— Aim of the exercise —
Before returning the data, strip out the pictures and keep everything else exactly the same.

— Source data —
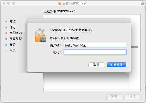 4、这一步点击“继续”后会出现需要输入密码,我们输入本机macOS开机密码即可,然后点击”好“
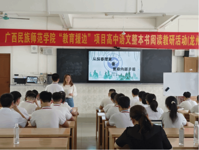 活动依次举行“携手成长 青春伴读”结对帮扶启动仪式和“相赠好书 阅读同行”赠书活动。南宁二中潘杰老师上《乡土中国》导读课;易晓老师作题为“经典作品的教学空间——《红楼梦》整本书阅读的资源意识和转化运用”的主旨报告;凭祥高中的黄学廷老师上《红楼梦》整本书阅读教学展示课:小人物,大视界—— 从《红楼梦》刘姥姥看红楼众生相;南宁三中覃璟文老师上《红楼梦》整本书阅读教学展示课:从探春理家看贾府内部矛盾。点评环节结束后卓越班学生也到班级里和凭祥高中的学生见面,制定伴读计划。
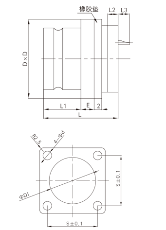 Overall and Mounting Dimensions of Square Flange-Mounted Rubber-Sealed Socket
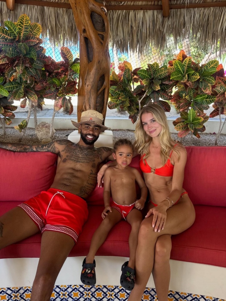 别人打球我度假!拉塞尔未婚妻晒一家三口度假照
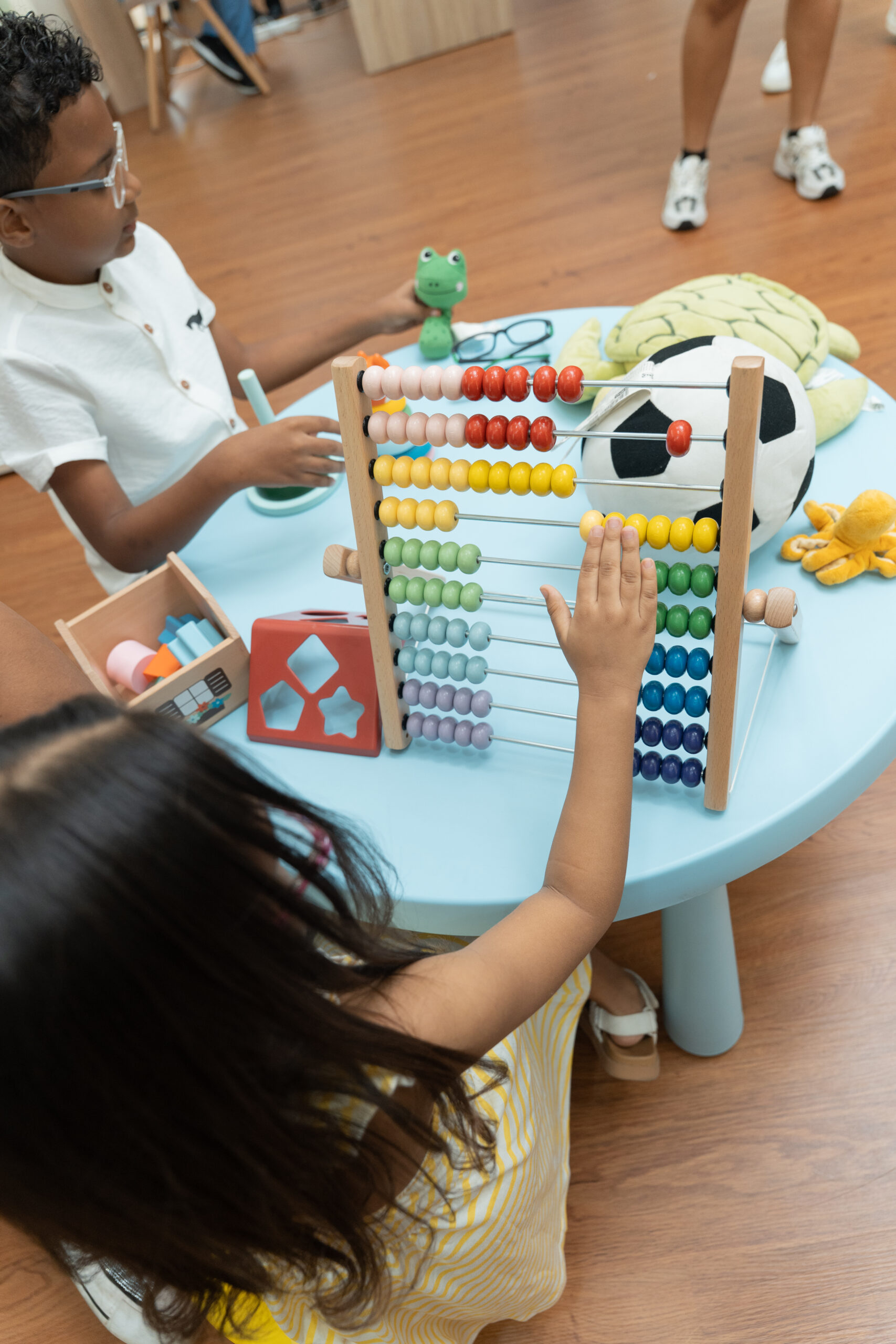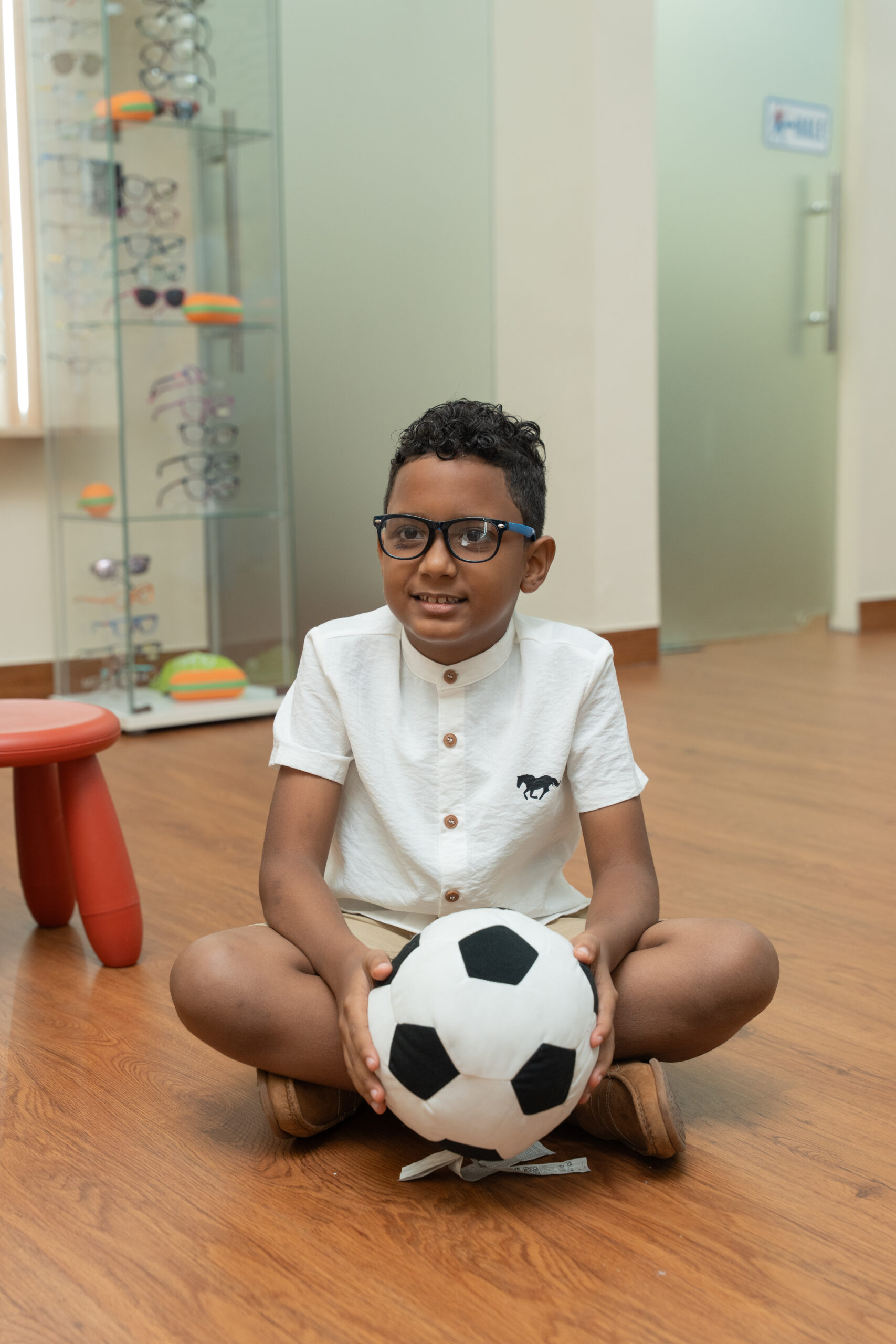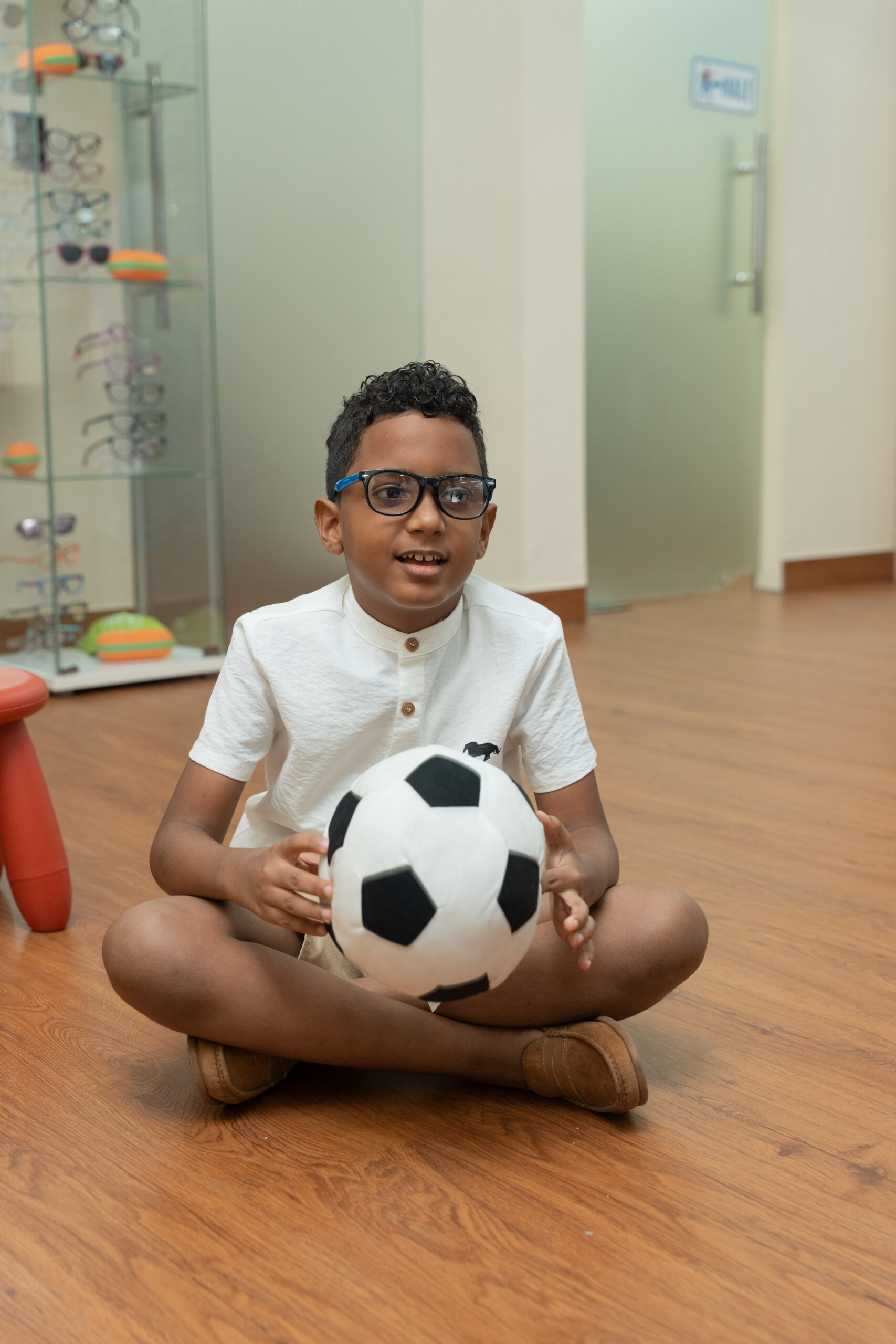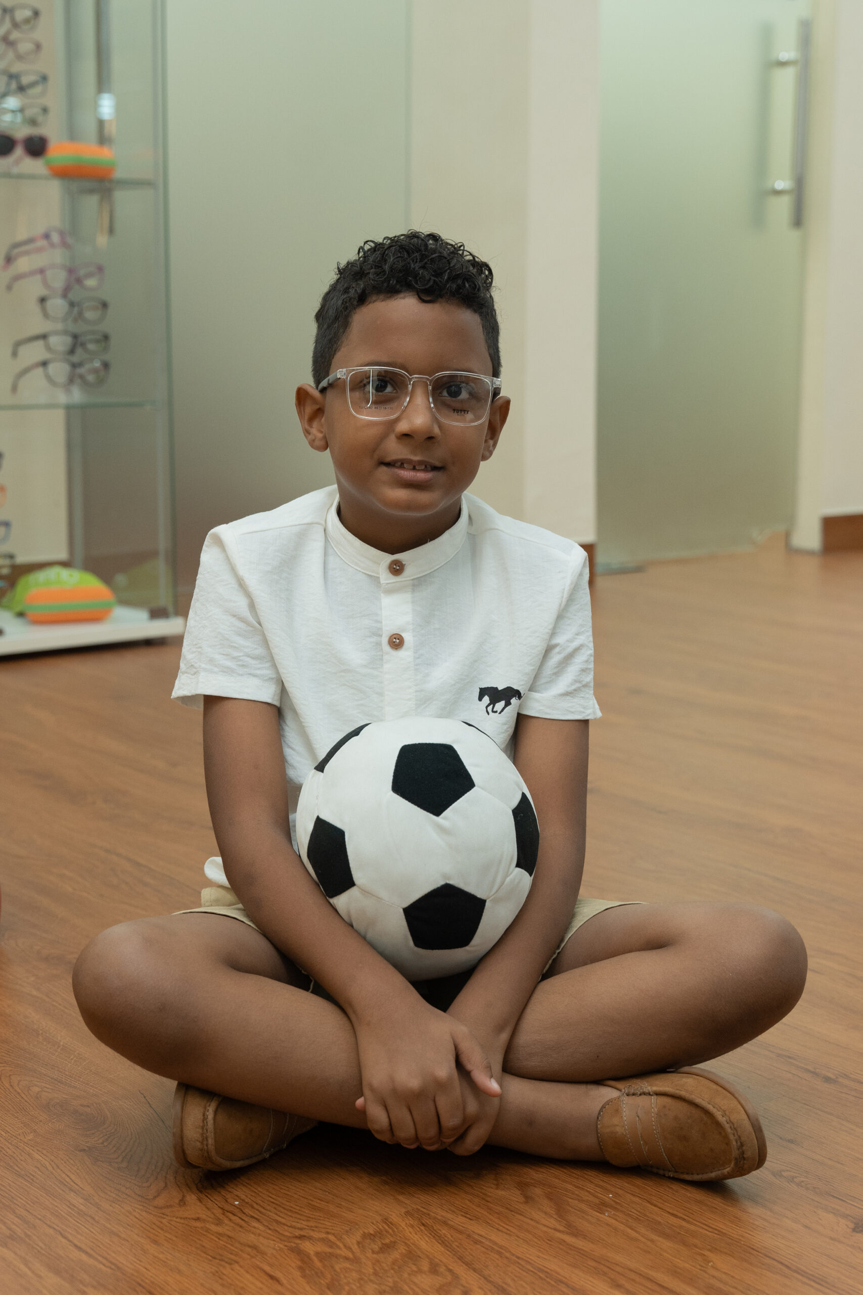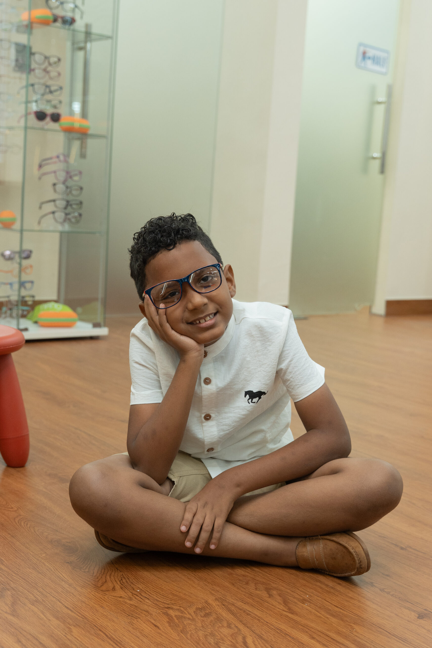 Es un espacio dedicado al cuidado visual infantil, con lentes y accesorios coloridos y resistentes.

— Exercise output —
 4、这一步点击“继续”后会出现需要输入密码,我们输入本机macOS开机密码即可,然后点击”好“
 活动依次举行“携手成长 青春伴读”结对帮扶启动仪式和“相赠好书 阅读同行”赠书活动。南宁二中潘杰老师上《乡土中国》导读课;易晓老师作题为“经典作品的教学空间——《红楼梦》整本书阅读的资源意识和转化运用”的主旨报告;凭祥高中的黄学廷老师上《红楼梦》整本书阅读教学展示课:小人物,大视界—— 从《红楼梦》刘姥姥看红楼众生相;南宁三中覃璟文老师上《红楼梦》整本书阅读教学展示课:从探春理家看贾府内部矛盾。点评环节结束后卓越班学生也到班级里和凭祥高中的学生见面,制定伴读计划。
 Overall and Mounting Dimensions of Square Flange-Mounted Rubber-Sealed Socket
 别人打球我度假!拉塞尔未婚妻晒一家三口度假照
 Es un espacio dedicado al cuidado visual infantil, con lentes y accesorios coloridos y resistentes.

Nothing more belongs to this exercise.